Mobile identity platform Incognia on Thursday (June 2) finalized a $15.5 million Series A fundraising round that it plans to use for continued growth of its identity fraud-fighting work, with more than 200 million mobile users in more than 20 countries among its customer base.
Point72 Ventures led Incognia’s latest funding effort, according to a company press release.

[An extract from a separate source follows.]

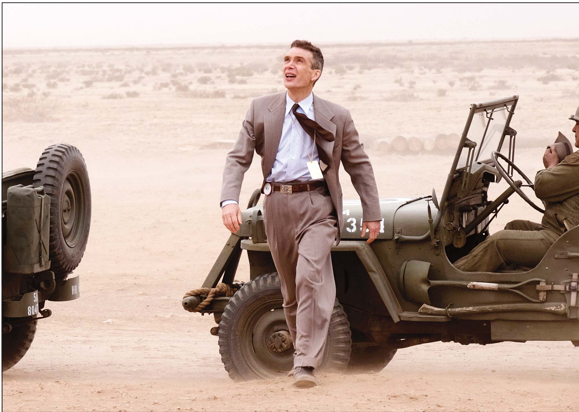
This image released by Universal Pictures shows Cillian Murphy in a scene from 'Oppenheimer.' (AP)
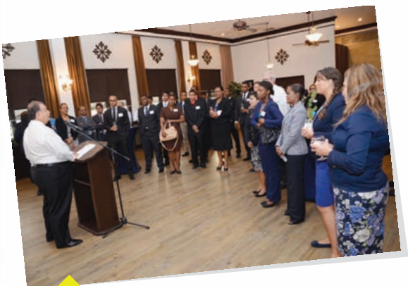
Candidates from the ANSA McAL Champions Development Programme were hosted by the Group Chairman at a Champions Development Mixer held at Jaffa at the Oval

The company focuses on user authentication and fraud prevention on mobile applications in FinTech, cryptocurrency, gaming, delivery and social media, the release said.
Incognia said identity fraud losses hit $52 billion and affected 45 million U.S. adults in 2021, citing information from Javelin Strategy and Research, with new account fraud increasing 109% and account takeover losses increasing 90%. Social engineering is now responsible for more than 80% of the fraud losses in the U.S.

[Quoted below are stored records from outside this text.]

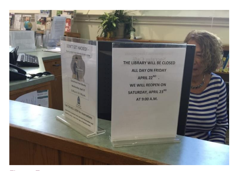
Figure 7 The hidden librarian

Is there a physical barrier to communication, such as a computer, positioned between the employee and the customer at the service desk? Does the location of the computer at the service desk require the employee to sit with their back to the counter, thus, requiring the customer to first gain the employee's attention before making a request? This may make the customer feel that they are interrupting the employee. Small changes to the arrangement of computers and desks can have a huge impact on improving customer service by making communication easier.
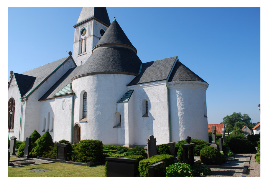
Figure 6. The church of Valleberga in Scania, Sweden.

used as accommodation for travelling knights or pilgrims, for meetings in the Canute Guilds or storage of equipment used in the crusades (cf. Wienberg 2004: 38–40, 43–44).
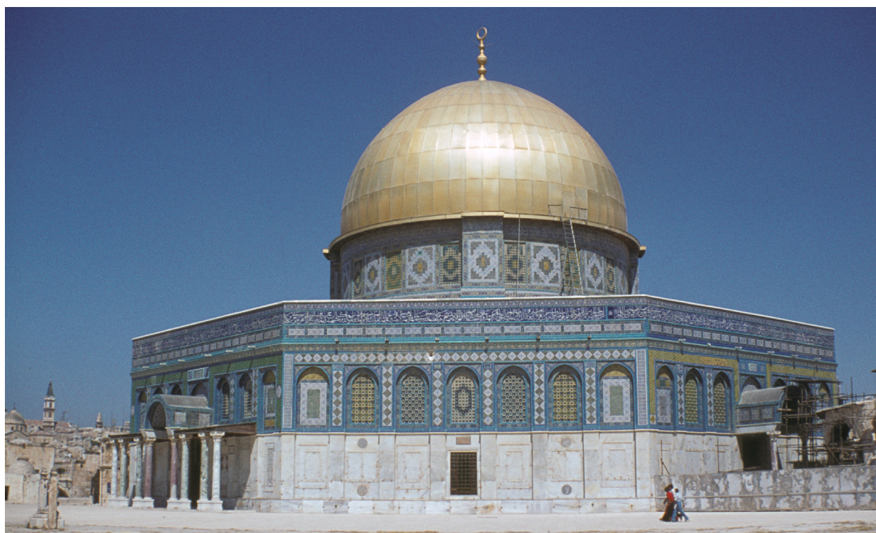
Figure 1: A general view of the Dome of the Rock. Image: CJ Davey 1974

Not only have nations come and gone, and armies trampled this sacred space, but nature itself seems determined to rearrange its own landscape repeatedly if not regularly by

Incognia said it uses anonymized location behavior to create a frictionless user experience with maximum security.
“Today’s authentication and fraud detection solutions aren’t working for the user, or for businesses, and the market is looking for more innovative technologies,” said André Ferraz, founder and CEO of Incognia. “We’re emerging as the global location identity leader, effectively combating the increasing fraud on mobile around the world.

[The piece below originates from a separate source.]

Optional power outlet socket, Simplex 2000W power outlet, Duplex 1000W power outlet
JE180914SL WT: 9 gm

“We’re dedicated to enabling our customers to deliver frictionless mobile experiences without compromising security and privacy.”
PYMNTS recently found that banks and businesses contend with a huge array of fraud threats, with various forms of identity fraud comprising some of the most widespread techniques.
Related: PYMNTS Intelligence: Leveraging Behavioral Analytics To Counter Identity Fraud
A recent study found that stolen identities were the top fraud threat faced by financial institutions (FIs) over the past year at 55%, with synthetic identities taking second place at 44%. While the former method involves fraudsters stealing the identities of real people, the latter sees bad actors constructing new identities out of whole cloth.
Synthetic identity fraud has no theft victims to notify organizations of fraudulent applications or purchases made in their names, leaving companies reliant on their own security systems to catch it. This type of fraud costs organizations up to $20 billion per year, and traditional identity verification solutions miss up to 95% of synthetic identity fraud instances.